# DIY Tropica TPN+



## gribz (13 Apr 2008)

Hi all,

Just starting up my new 300L (W120, D45, H64cm) tank, it's not really heavily planted (Hygro Difformis mainly, A. Biovenius, Nyphea Lilly, random Crypts and a large peice of wood with a huge amount of Java Fern (Windelov) attached to it).

Lighting is 2x54W T5HO, Eco-Complete substrate and CO2 from a 2kg tank injected via ceramic diffuser.  I'm wanting to get a decent fert regime going but I find the 50% water change and daily dosing very off putting in the EI method and am thinking this may not be the best route as technically not even 1.5WPG on this tank.

I'm considering going down the dry fert route anyway but doing a DIY TPN+ mix from http://www.theplantedtank.co.uk/allinone.htm, has anyone tried this and had success?

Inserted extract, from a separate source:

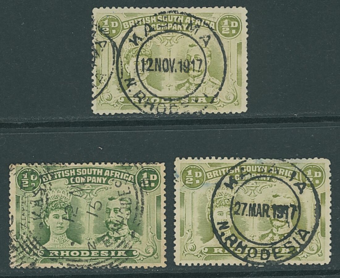 Kasama: 1915-17 a small group on ½d. with 1915 (12 Nov.) squared circle with day month, K19 (unique); 1917 (12 Nov.) showing four figure year, K24 (very rare) and 1917 (27 Mar.) in jet-black viscous ink (small thin at top), K25 (extremely rare); both neat and central strikes. (3)

If anyone has any other comments or suggestions i'm willing to listen and learn, my head is just spinning a bit from all the teaspoons/tablespoons/grams at the moment 

Cheers,

Phil


----------



## JamesC (13 Apr 2008)

This is the formulation I came up with to copy TPN+. Main difference is that I used 100% potassium nitrate for the nitrogen source whereas Tropica use ammonium nitrate. This does mean that my formula has more potassium which IMHO is actually good.

I did run this dosing on my PFK nano tank for several weeks and it did seem to work well with no problems. Main thing you have to watch is that it is quite lean on phosphate, but if you have fish then in your lowish light setup it should be OK.

James


----------



## gribz (13 Apr 2008)

Hi James,

Thank's for your reply, yes I do have fish in there (couple of messy Bristlenoses as well so should be ok  ).. I'm going to buy the bits needed tomorrow, am I ok to use the Chelated Trace Mix from Garden Direct (http://www.gardendirect.co.uk/chelated- ... 8a217c794c) instead of the AE trace mix?

My only other question now being is how do I measure 0.2g ?  

Cheers,

Phil


----------



## JamesC (14 Apr 2008)

Trace mix should be OK. I used it for some time a while ago. I use a balance accurate to 0.1g to weigh out my ferts. Plenty on ebay quite cheap.

James


----------



## Spider Pig (18 Apr 2008)

James, is there any reason why you add extra K as potassium sulphate as the DIY tpn+ has over 3x as much as the tpn+? Is it possible to leave this out but maintain the same benefit? Are the ascorbic acid and potassium sorbate just there as stabilisers to prolong the "shelf life" of the product or do they contribute to the fertilisation in some way?


----------